In 1885, Albert Butz invented the damper flapper, a thermostat for coal furnaces. The Minneapolis Heat Regulator Company made innovations in electric motors and process controls in about 1886. These innovations and inventions were the precursor to the Honeywell that is now famous all over the world. In 1906, the Honeywell Heating Specialty Co. was founded by Mark C. Honeywell in Wabash, Indiana. This company merged with the Minneapolis Heat Regulator Company in 1927, and the merged company was called the Minneapolis-Honeywell Regulator Company. Mark C. Honeywell was the president of the company, and W. R. Sweatt, its first chairman.
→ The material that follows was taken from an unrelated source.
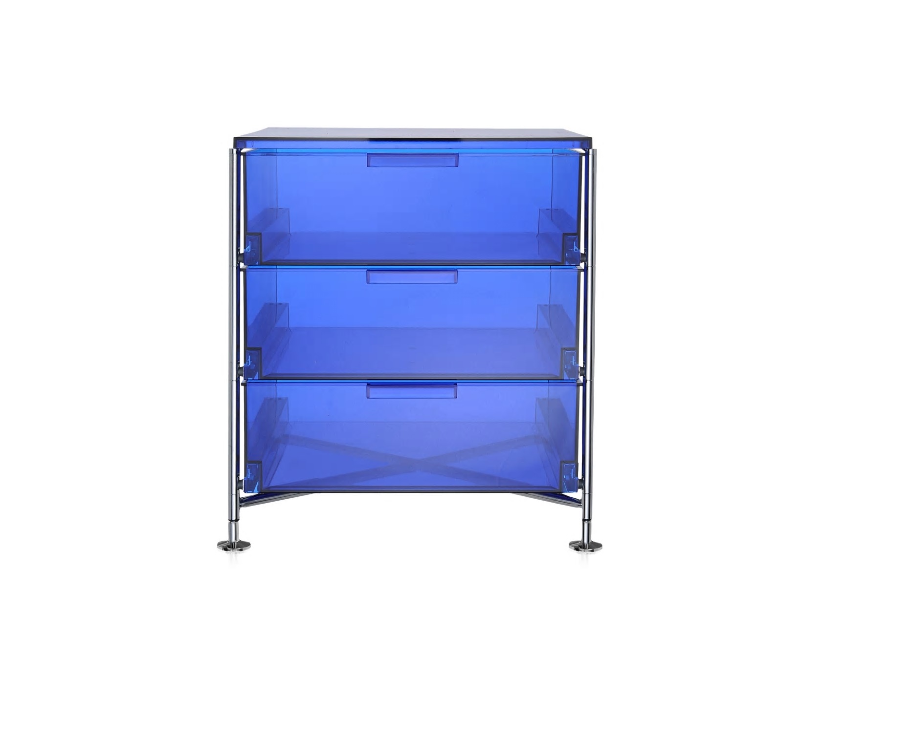 Contenedores de entre 1 y 6 cajones de estructura de acero cromado i contenedores y estantantes de PMMA resistente a los golpes con barniz antiarañazos

W. R. Sweatt and his son Harold ran the company for 75 years. W. R. Sweatt went through difficult times, and used the innovative idea of thermostatic heating control to build a flourishing business. Harold Sweatt took the reins of the company in 1934 and led the company through a period of growth and global expansion. His leadership ensured that Honeywell became a global technology leader. The H. W. Sweatt Engineer-Scientist Award was given by Honeywell for over 3o years to individuals of outstanding technical ability, and extraordinary contribution to technical accomplishment for the company and their profession. The award was discontinued after the merger of Honeywell with AlliedSignal in 1999.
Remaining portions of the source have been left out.